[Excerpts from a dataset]
- - -

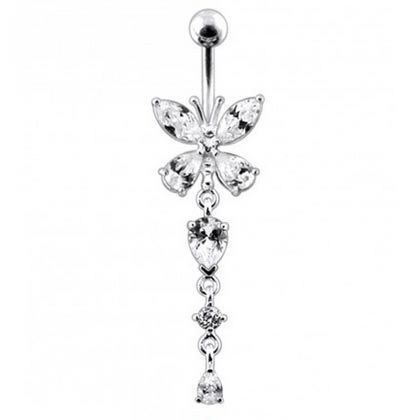 Stříbrný piercing do pupíku - motýlek (čirá)
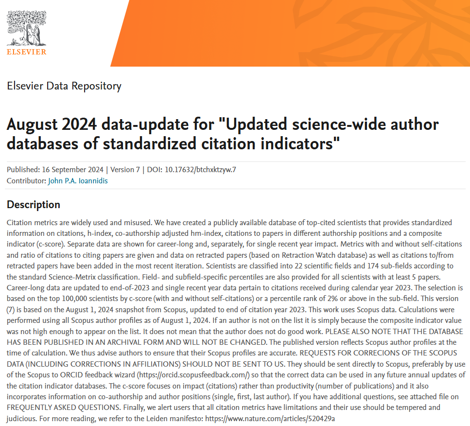 2024年9月16日,美国斯坦福大学(Stanford University)John P.A.Ioannidis教授团队发布了第七期全球前2%顶尖科学家榜单(World's Top 2% Scientists)。榜单分为“终身科学影响力排行榜”——关注整个学术生涯迄今的影响力,和“年度科学影响力排行榜”——聚焦本年度(2024年)的学术成就。
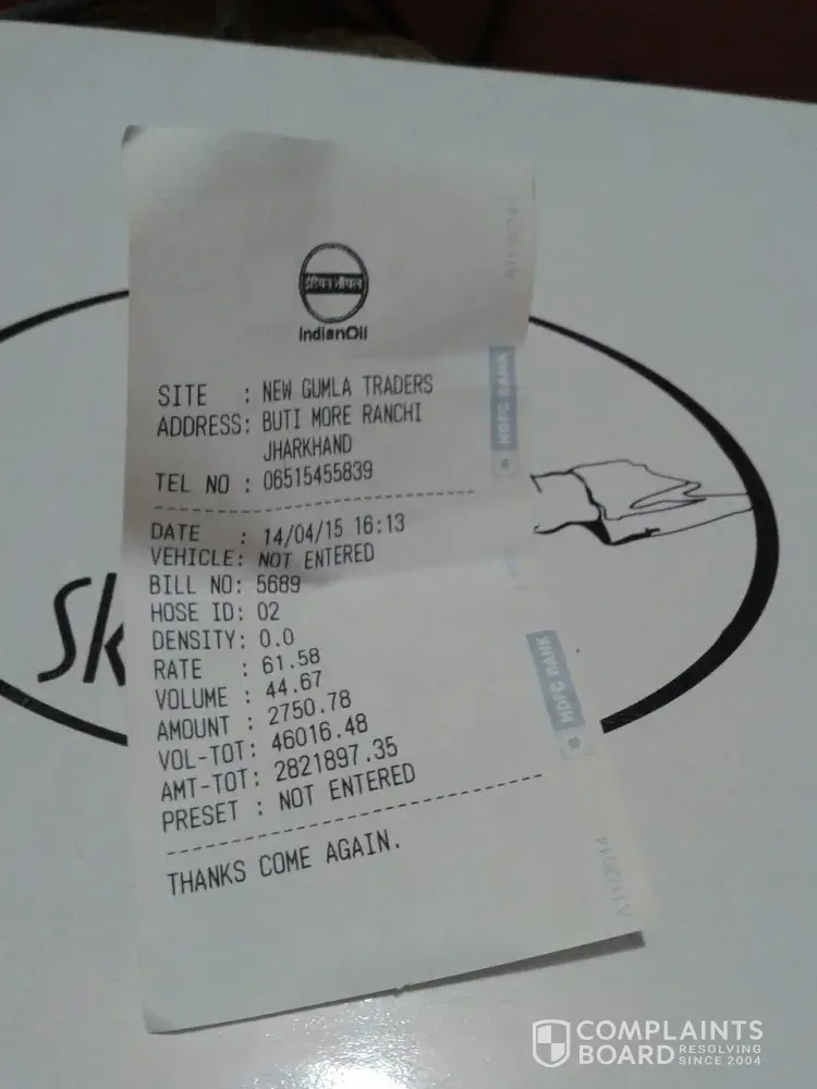 This is regarding an incident of April 14th 2015, Indian Oil Petrol Pump " New Gumla Traders Ranchi Jharkhand, presented a bill for 44.67 Ltrs when the fuel tank capacity of my Swift LX 2010 model car is 42 Ltrs. I asked them to full the tank completely, i already had Approximately 7-8 Ltrs of Petrol, post filling the tank they presented a bill for 44.67 liters. Which is not at all possible.
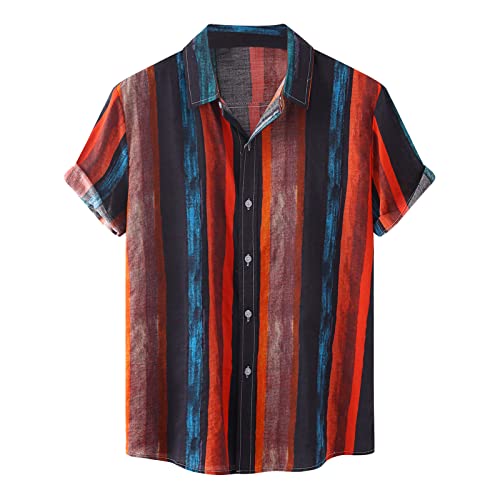 AIDEAONE Hawaiiskjorta herr, kortärmad tropisk skjorta i ledig stil, med knappar, M
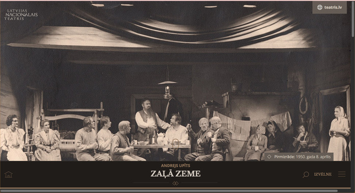 Autors nezināms. (1950) Skats no izrādes „Zaļā zeme”. [Fotogrāfija] Latvijas Nacionālā teātra krājums.
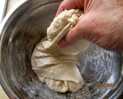 Fold dough three times more, twice at 20 minute intervals, the last time before going to bed. Leave, well covered, at room temperature overnight.
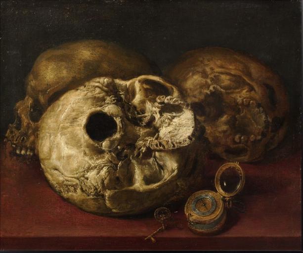 | Keywords: Antonio de Pereda y Salgado 005.jpg Artwork Creator Antonio de Pereda y Salgado La obra representa tres calaveras humanas estando dos de ellas colocadas de perfil y la que aparece en primer plano boca abajo ~ 1660 Oil on canvas Size cm 39 5 33 Institution Museo de Zaragoza http //ceres mcu es/pages/Main object history credit line accession number 10644 http //www museodezaragoza es/barroco/ PD-old-100 painting mythological Spanish 1601-1650 Paintings of Vanitas in Spain 17th-century paintings of Vanitas Still life paintings by Antonio de Pereda y Salgado 17th-century paintings in the Museum of Zaragoza Watches in art WGA form painting WGA type mythological WGA School Spanish WGA time period 1601-1650 Files uploaded by Shakko from various sources |

- - -

--- What to produce ---
The lines above from the line with "This is regarding" through the line with "Fold dough three" are to be given again word for word, with no pictures among them.

--- Response for this exercise ---
 This is regarding an incident of April 14th 2015, Indian Oil Petrol Pump " New Gumla Traders Ranchi Jharkhand, presented a bill for 44.67 Ltrs when the fuel tank capacity of my Swift LX 2010 model car is 42 Ltrs. I asked them to full the tank completely, i already had Approximately 7-8 Ltrs of Petrol, post filling the tank they presented a bill for 44.67 liters. Which is not at all possible.
 AIDEAONE Hawaiiskjorta herr, kortärmad tropisk skjorta i ledig stil, med knappar, M
 Autors nezināms. (1950) Skats no izrādes „Zaļā zeme”. [Fotogrāfija] Latvijas Nacionālā teātra krājums.
 Fold dough three times more, twice at 20 minute intervals, the last time before going to bed. Leave, well covered, at room temperature overnight.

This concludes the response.